Development Time Working Group Homepage

Research

The development of High Performance Computing (HPC) programs is crucial to progress in many fields of scientific endeavor. However, HPC machines are difficult to program. Effective programmers are rare because HPC code development requires individuals who are both experts in the HPC architecture and in the application domain. These problems will only increase in the future as tougher problems are attacked and more powerful (yet likely more difficult to program) HPC machines are created. To avoid problems in the future, insight is needed into the process by which codes are created in the first place. We need to understand how effective development of HPC codes currently happens, and where the problems or bottlenecks are.

Our focus is on understanding effective development practices for programs written for high performance computers. Our goal is to measure development time in both student programming and with professional expert programmers. The map above shows the sites that are collaborating with us to conduct studies.

Research Goals

Goal of the High Productivity Systems Project is to decrease the time-to-solution of programs running on High Performance Computers (HPC). In contrast to other domains time-to-solution is defined as time to develop plus time to execute a program. The research of our group is focused on time to develop HPC code. Goal of our work is to understand the development process of code executed on parallel machines to give advise to vendors (e.g. in form of prediction models) and improve learning material for HPC classes. If you like to know more about the DARPA High Productivity Computing Systems project go to: HPCS.
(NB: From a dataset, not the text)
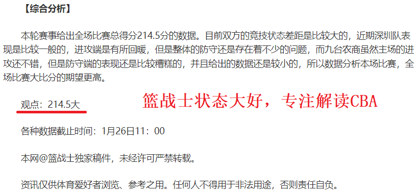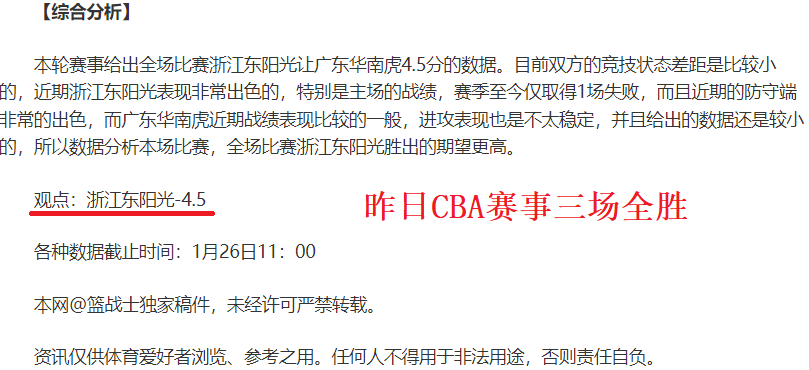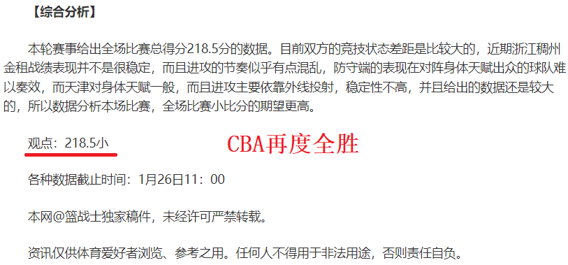 篮战士近期CBA赛事状态大好,昨日CBA赛事全部获得胜利,篮战士近期赛事收获胜利不断!让篮战士充分展现出对各大篮球联赛分析的专业知识及数据统计能力。本期篮战士利用大数据分析,演算出赛事有利方案,充满信心为大家奉献一场精彩的赛事预测,期待大家继续关注篮战士精准赛事!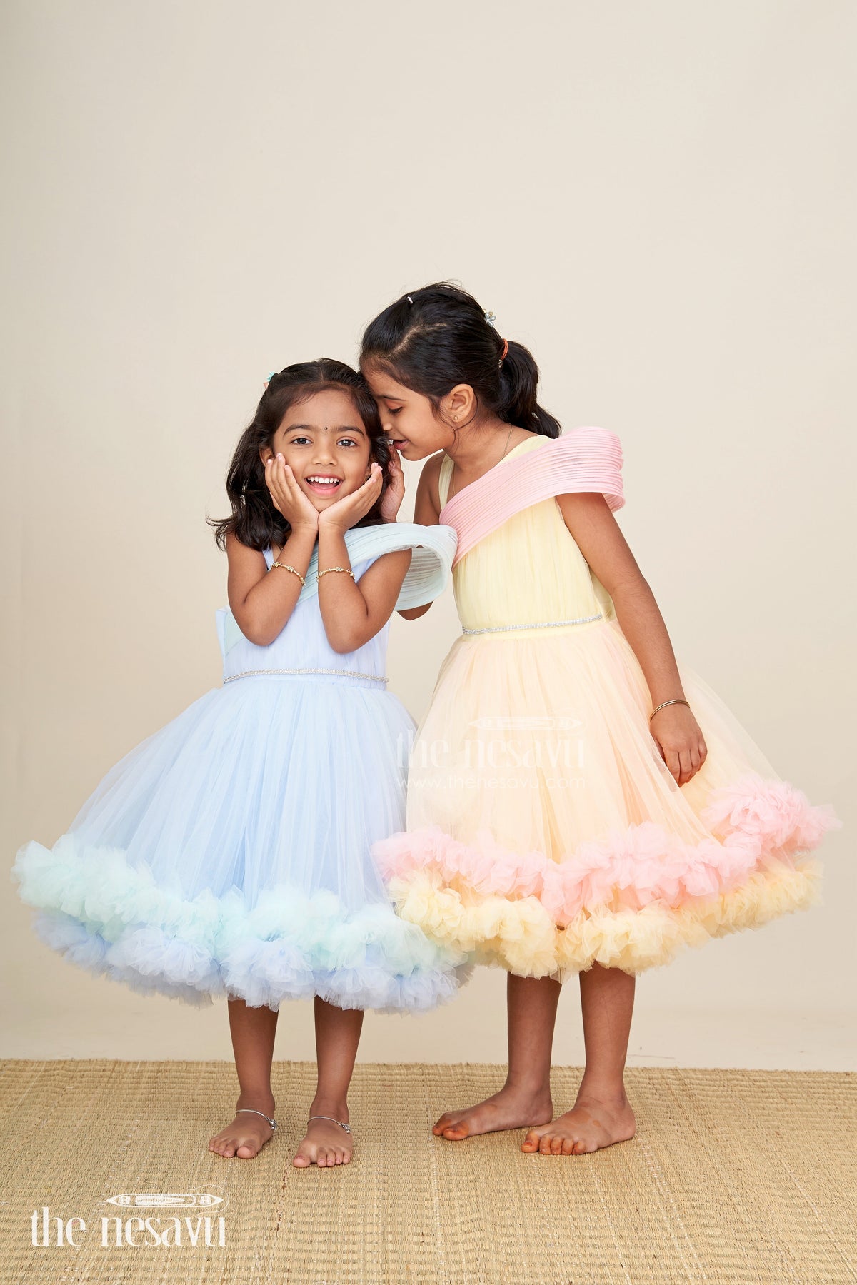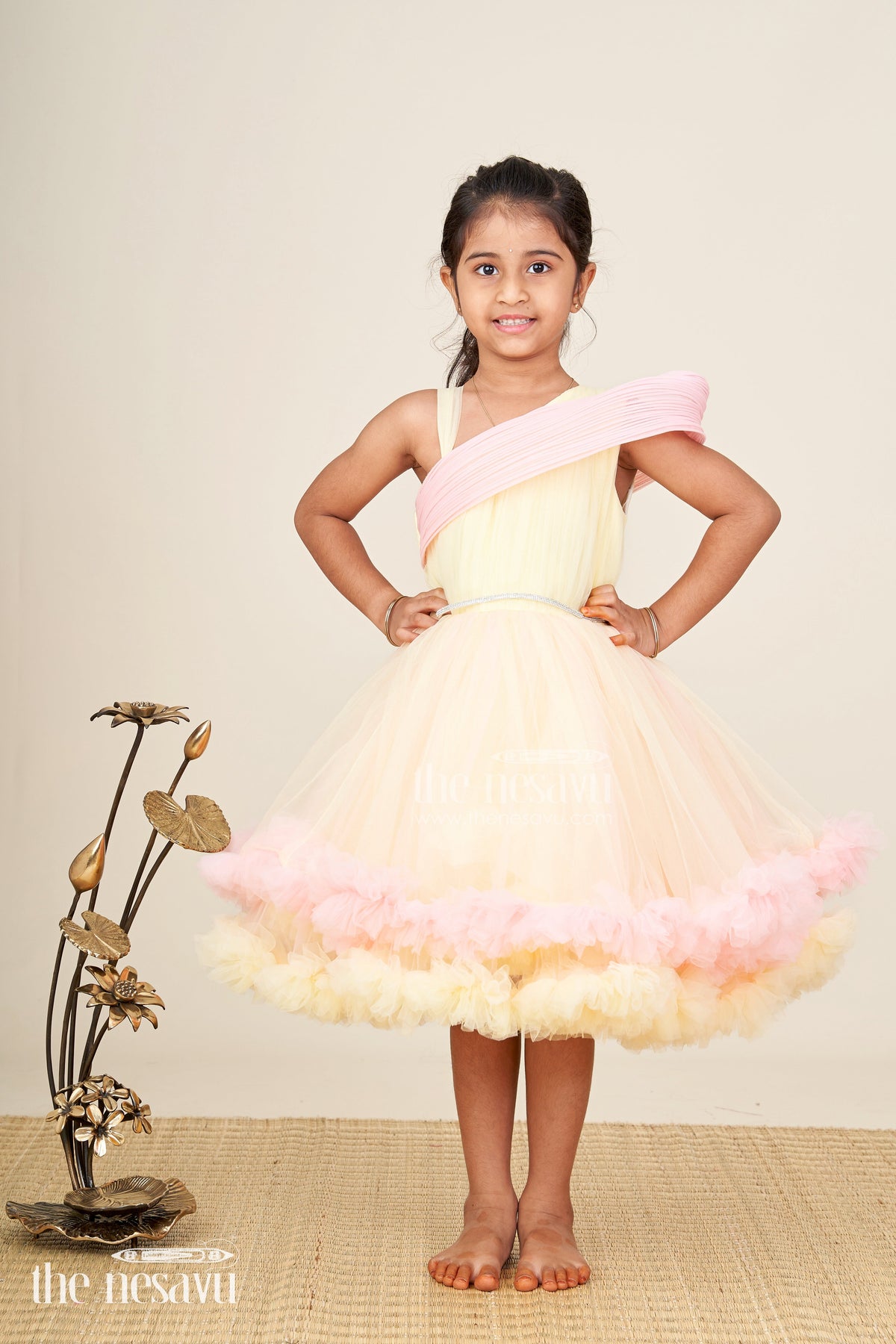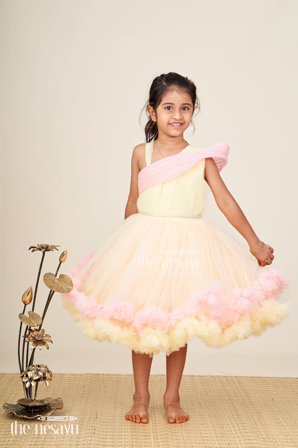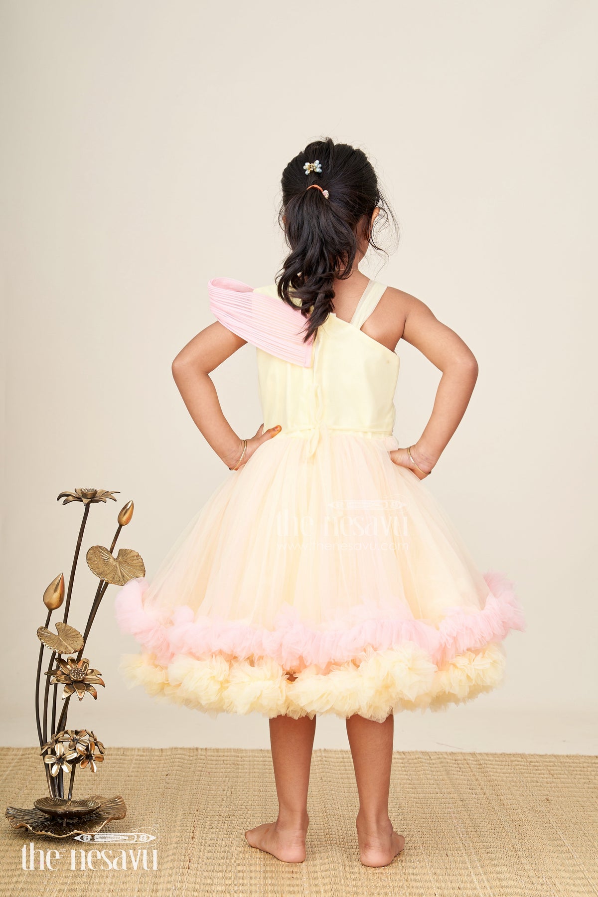 The Nesavu Girls Fancy Party Frock Soft Net Party Frock for Baby Girls Perfect for Birthdays and Family Photos Nesavu 16 (1Y) / Yellow PF253A-16 Nesavu soft net frock baby girls  perfect birthdays photoshoots

Therefore we are conducting studies with professionals and in classroom. During these studies we are collecting large amounts of workflow data that can be analyzed afterwards to validate hypotheses, find common defects and explore different workflow styles. 

 

Research Areas

The Development Time Working group is currently working in the following research areas:

Workflows

We are analyzing the series of activities performed by developers working on HPC code to look for characteristic workflows, common patterns that can be said to characterize how people go about developing HPC codes. This information can be used to understand: if different types of developers have different working styles; on what activities most developer's time will be spent; whether there are workflows that are particularly effective for novices that could be taught to learners.

Defects

We are collecting empirical knowledge about correctness and performance defects (i.e. bugs) in the domain of HPC. Information about recurring problems in HPC development, will be made available and will be useful for better focusing debuggers and other tools, and for educating novices learning to program HPC codes.

Folklore

We are collecting common assumptions in the HPC community about how effective parallel implementations of programs are developed. We use this "folklore" as the basis for ongoing experiments, which we expect will validate or negate these assumptions. The result is a series of heuristics and guidelines with an ever-growing body of evidence that supports conclusions about the basic phenomena of HPC development. 

Productivity Modeling

In the high performance computing domain, the speed of execution of a program has typically been the primary performance metric. But productivity of the developers creating those programs is also of concern to the community. We are studying the problems of defining and measuring productivity for these machines, and creating a model of productivity that includes both a component for program performance and a component that measures the development time of the program.